Figure 8 depicts the ${\sigma }_t$ obtained in our simulation and previous indoor tests. It can be seen that the tensile strength obtained from previous indoor tests is highly variable. This is due to the strong non-homogeneity of HBS, especially since sediment components, grain size, and hydrate distribution pattern all have significant influence on the mechanic properties of HBS. Nevertheless, a general trend of increasing tensile strength with increasing hydrate saturation can be observed as the existence of hydrates improves the consolidation of HBS. The simulated values are within the range of the test results of 0.28−12.5 MPa [26,27,63,64,65,66,67], which further supports the reliability of the DEM model.
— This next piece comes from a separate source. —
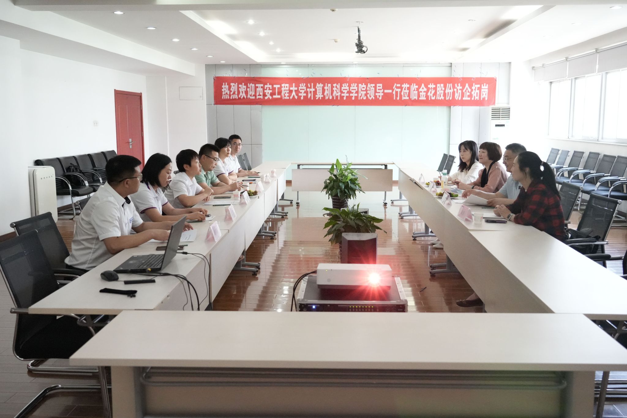 下午2点30分,赵雪曼、薛涛一行来到西安金花企业(集团)股份有限公司,受到公司副总经理陈雪妍等企业领导的热烈欢迎。在观看企业宣传片后,双方亲切座谈。薛涛详细介绍了公司规模、专业设置、团队队伍、人才培养等情况,赵雪曼介绍了公司2024届毕业生相关信息及目前就业情况,希望能与企业深化交流合作,在促进公司毕业生就业和企业发展方面实现双赢。座谈会上,校企双方就多个板块的合作可行性进行充分探讨并达成初步意向。

Additionally, the simulated tensile strength also increases as hydrate saturation increases and is found to be an exponential function of hydrate saturation with a fitting coefficient R² of 0.9981. This indicates that the DEM model well simulated the bonding characteristics of hydrate particles.

4. Results and Discussion

4.1. Effects of Hydrate Saturation

The fracturing process was simulated for HBS with hydrate saturations of 0, 25%, 35%, 45%, 55%, and 65%, respectively. Notably, the injection rate was 5 × 10⁻⁷ m³/s, and the in situ stresses in the X and Y directions were 1 and 2.5 MPa, respectively.

4.1.1. Injection Pressure

In our simulation, the number of microcracks developed within 5 × 10⁻⁴ s was recorded as acoustic emission (AE) events. The injection pressure and AE events at different hydrate saturations are shown in Figure 9. As can be seen, injection pressure increases with the injection of fracturing fluid, and a sudden drop occurs at the AE event. Furthermore, the fluctuations in injection pressure are synchronous with the occurrence of AE events. The maximum injection pressure is regarded as the breakdown pressure $P_b$, which represents the overall strength of the HBS. It can be seen that the breakdown pressure increases as hydrate saturation increases, which is 4.25 ($S_h$ = 0%), 5.74 ($S_h$= 25%), 7.92 ($S_h$ = 35%), 8.82 ($S_h$ = 45%), 9.46 ($S_h$ = 55%), and 12.06 MPa ($S_h$ = 65%). The mechanism of this phenomenon is twofold: first, the presence of hydrates reduces the effective permeability of the HBS, which increases the resistance to fluid flow and reduces the rate of fluid leaching; second, the bonding behavior of hydrates improves the consolidation strength of the HBS, and greater fluid energy is required for fracture initiation and propagation.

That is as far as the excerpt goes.